## WHAT THIS TASK INVOLVES
Transcribe the entries exactly as given and skip whatever images they hold.

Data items
******
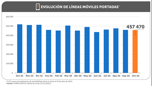 En octubre, 457 470 líneas móviles cambiaron de empresa operadora, informó el Organismo Supervisor de Inversión Privada en Telecomunicaciones (OSIPTEL), lo que representó un retroceso de 11.90 % comparado con octubre de 2021 y 0.49 % menos respecto a setiembre del presente año.
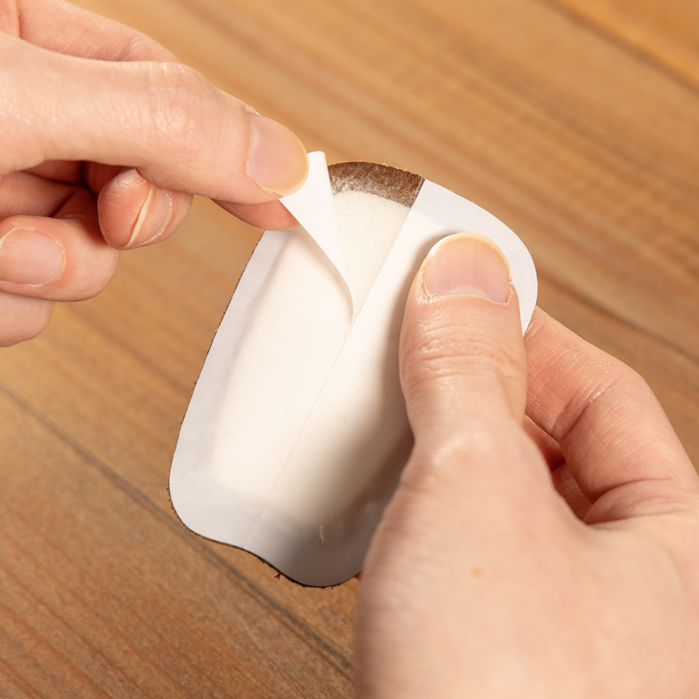 スープラの裏面は全面シールで、はく離紙を剥がすだけで、どなたでも簡単に靴の甲部分に貼り付けることができます。特別な道具や技術は一切必要ありません。
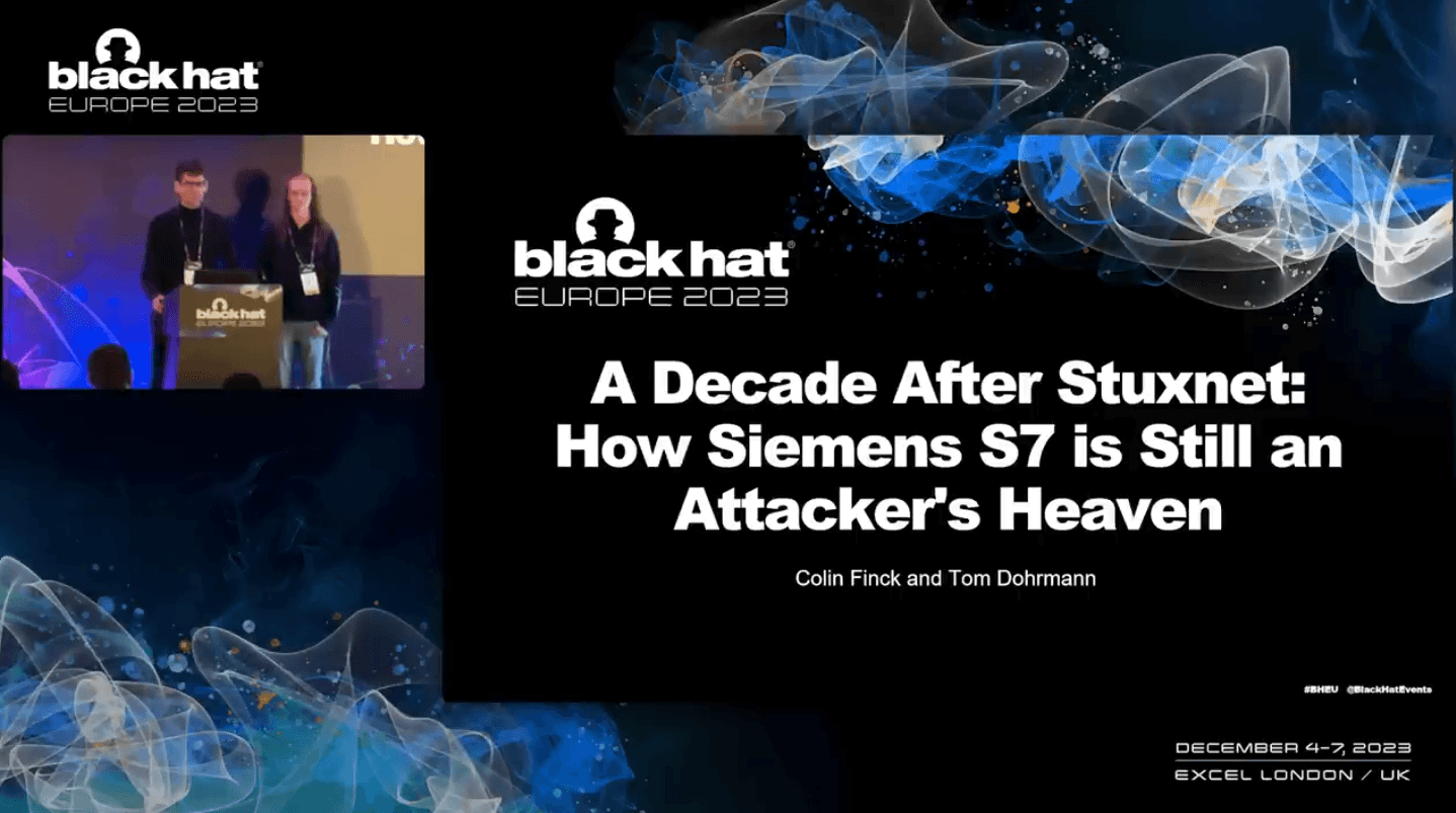 Tom Dohrmann and me have been researching Siemens PLCs at ENLYZE for the past 5 years and presented some of our findings at last year’s Black Hat Europe 2023. A few weeks ago, the recording has been released to the general public, so we can now finally write about it.
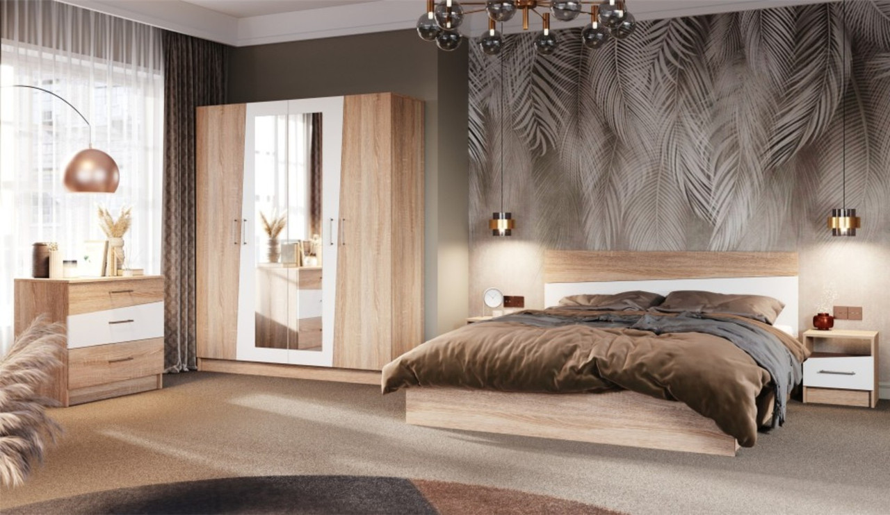 Спальный гарнитур «Антария» Дуб сонома/белый с 4-х дв. шкафом Imperial
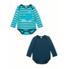 Baby Langarmbody (2er-Pack) Bio-Baumwolle, uni+gestreift, aqua-blau, Größe 80/86
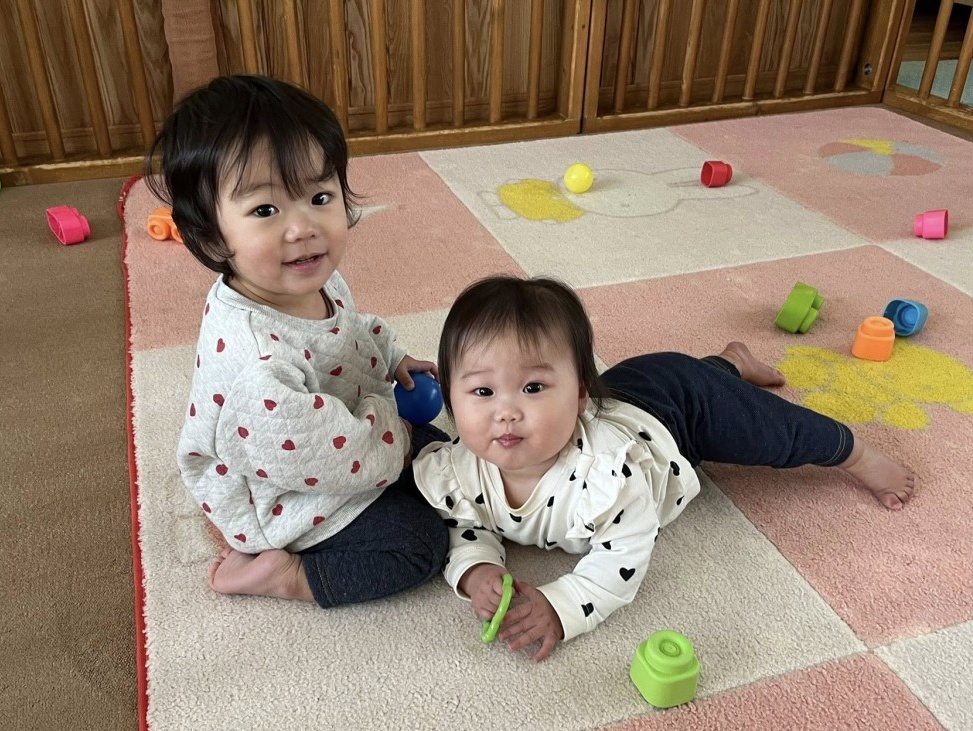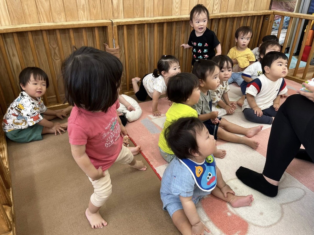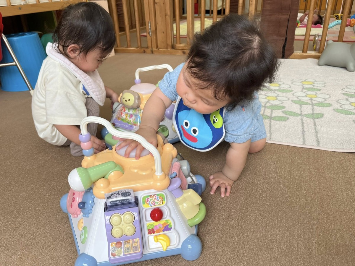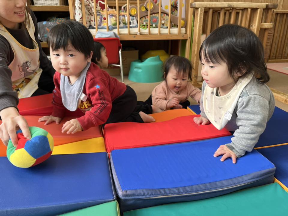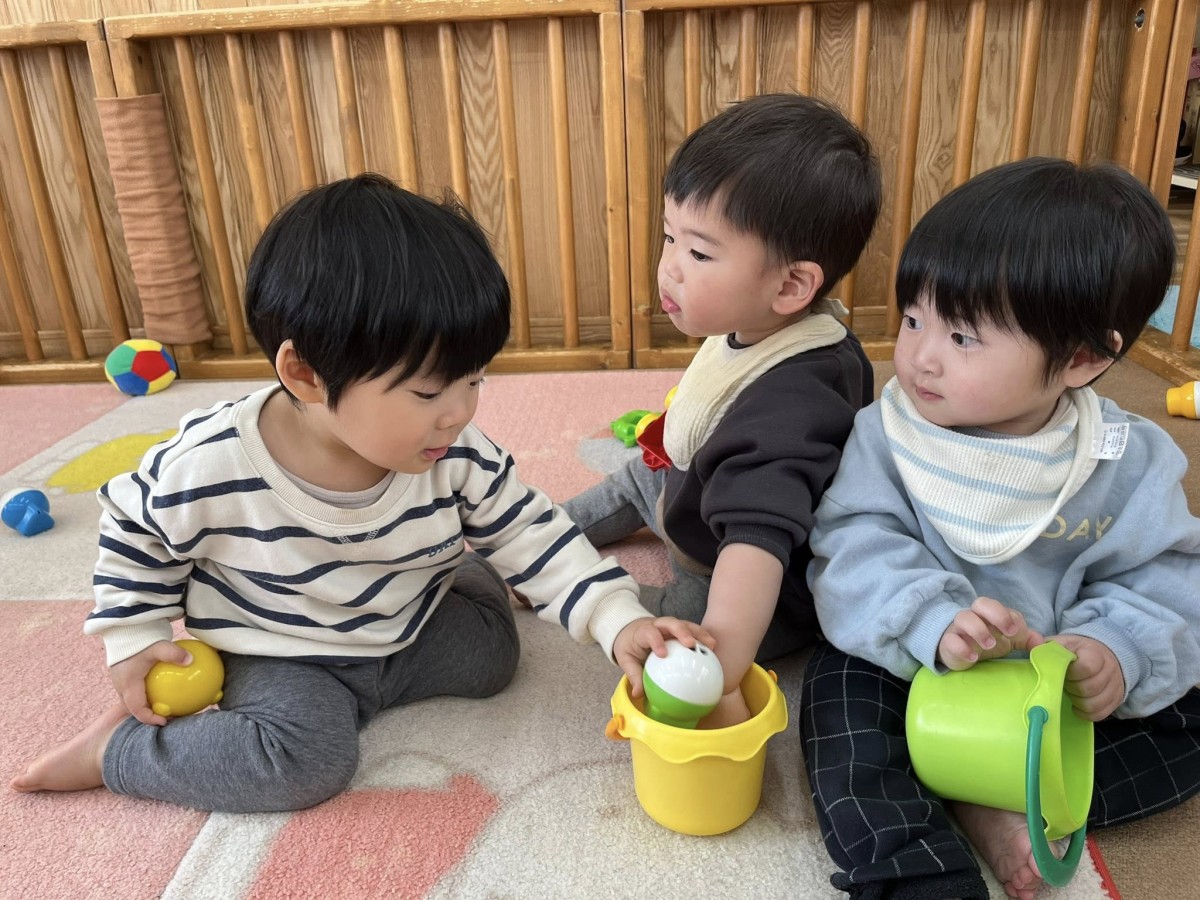 | 室内で遊びました。活発に動くようになったお友だち。ハイハイ、伝い歩き、歩行などお部屋中を探索しています!お友だちの遊ぶ姿を見て同じ遊びをしてみたり、ハイハイで追いかけっこをする等一緒に遊ぶ姿も少しずつ増えてきました。 |
******
## EXERCISE SOLUTION
 En octubre, 457 470 líneas móviles cambiaron de empresa operadora, informó el Organismo Supervisor de Inversión Privada en Telecomunicaciones (OSIPTEL), lo que representó un retroceso de 11.90 % comparado con octubre de 2021 y 0.49 % menos respecto a setiembre del presente año.
 スープラの裏面は全面シールで、はく離紙を剥がすだけで、どなたでも簡単に靴の甲部分に貼り付けることができます。特別な道具や技術は一切必要ありません。
 Tom Dohrmann and me have been researching Siemens PLCs at ENLYZE for the past 5 years and presented some of our findings at last year’s Black Hat Europe 2023. A few weeks ago, the recording has been released to the general public, so we can now finally write about it.
 Спальный гарнитур «Антария» Дуб сонома/белый с 4-х дв. шкафом Imperial
 Baby Langarmbody (2er-Pack) Bio-Baumwolle, uni+gestreift, aqua-blau, Größe 80/86
 | 室内で遊びました。活発に動くようになったお友だち。ハイハイ、伝い歩き、歩行などお部屋中を探索しています!お友だちの遊ぶ姿を見て同じ遊びをしてみたり、ハイハイで追いかけっこをする等一緒に遊ぶ姿も少しずつ増えてきました。 |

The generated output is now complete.